В офисе холодно, всего девятнадцать градусов, каждый день, круглый год. Шеф, он же и владелец, не экономит на кондиционерах, считает, что мозги лучше работают, когда человек мерзнет. Дилан Вильсон, бывший солдат Особой воздушной службы САС и агент МИ5. В свои шестьдесят лет он намного лучше натренирован, чем большинство двадцатилетних. В начале своей карьеры он проработал три года на Свальбарде. «Я познал самого себя в этом холоде», – обычно говорит он, а еще: «Там я возненавидел темноту».
Тим сильно сомневается в правдивости рассказов Вильсона об опыте его работы как в спецподразделении САС, так и в контрразведке МИ5. У него такое ощущение, что Дилан Вильсон совершенно не тот, за кого себя выдает. Что его служба в элитных частях и разведке – чистая ложь, но Тим подыгрывает ему в этом вранье.
Вильсон появляется из своего кабинета, выходящего окнами во двор, единственной комнаты, где не вянут уши от грохота машин с авеню.
– Мистер Бланк. Чему обязаны такой честью? – с иронией произносит он.
– Я проспал.
Дилан Вильсон – бритоголовый качок с плечами такой ширины, что ни один портной не в состоянии сшить костюм, который сидел бы на нем хоть мало-мальски пристойно. Он давно это понял, и поэтому ходит в свитерах из тонкого кашемира высшего качества, независимо от температуры и времени года. Ему хочется одеваться в свободно-элегантном стиле, выглядеть человеком светским, бесстрашным, но Тим видит его насквозь. На самом деле Вильсон постоянно настороже, как интернатский ребенок, как продавец шин, который все время боится, что кто-нибудь стащит его резину.

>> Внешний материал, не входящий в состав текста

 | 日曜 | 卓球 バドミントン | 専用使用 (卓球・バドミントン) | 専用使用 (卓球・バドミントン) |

– Ты был вчера на открытии? – спрашивает он Тима.
– Я раздал как минимум сотню визиток.
Вильсон снова исчезает в своем кабинете.
– У меня через десять минут, – говорит он, захлопывая дверь.
Тим идет к большой комнате, где сидят Симона, Хавьер и Хайнрих. Серые стены из гипса отделяют это помещение от конференц-зала, на одной из стен висит вставленный в раму плакат. Увеличенное фото одной из бухт Мальорки. Вода между скалами доведена фотошопом до такого нюанса бирюзы, который существует только в цифровом мире, а рыбки не отбрасывают теней на песчаное дно.

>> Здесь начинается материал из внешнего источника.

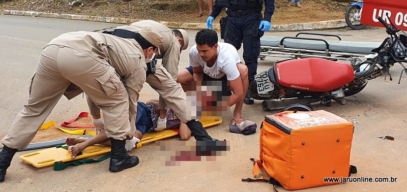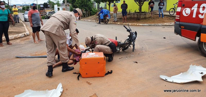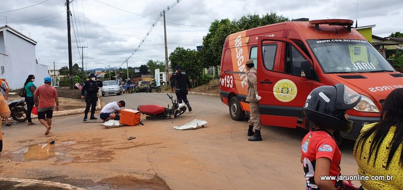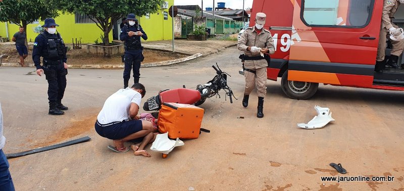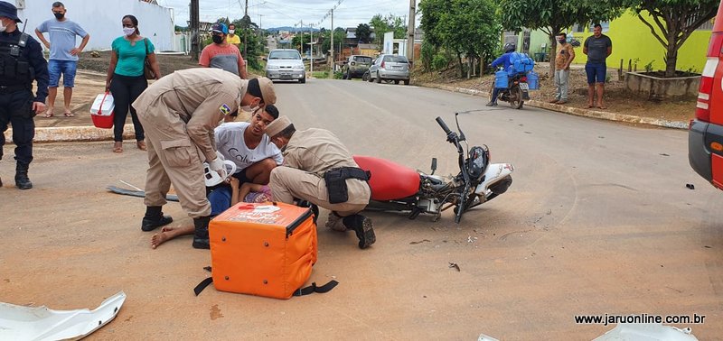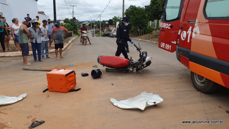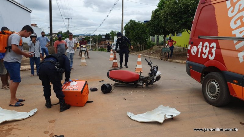 O motociclista seguia setor 06 sentido ao Rio Jaru, quando foi surpreendido pela caminhonete Fiat Toro que trafegava pela João Batista e atravessou a via do entregador.

Симона поднимает голову. Приветственно кивает. Такой могла бы стать Эмма в двадцать пять лет. Четкая линия подбородка, нос чуть коротковат, что создает более широкое расстояние до верхней губы. Светлые волосы спадают на ключицы, которые заметно выпирают под кожей.
Симона – хороший друг. Он помогал ей, привинчивал полки в квартире, повесил тяжелый шкафчик в ванной, а она наладила ему интернет и вай-фай.
Она запахивает худи, хочет, кажется, что-то сказать, но возвращается к своим занятиям.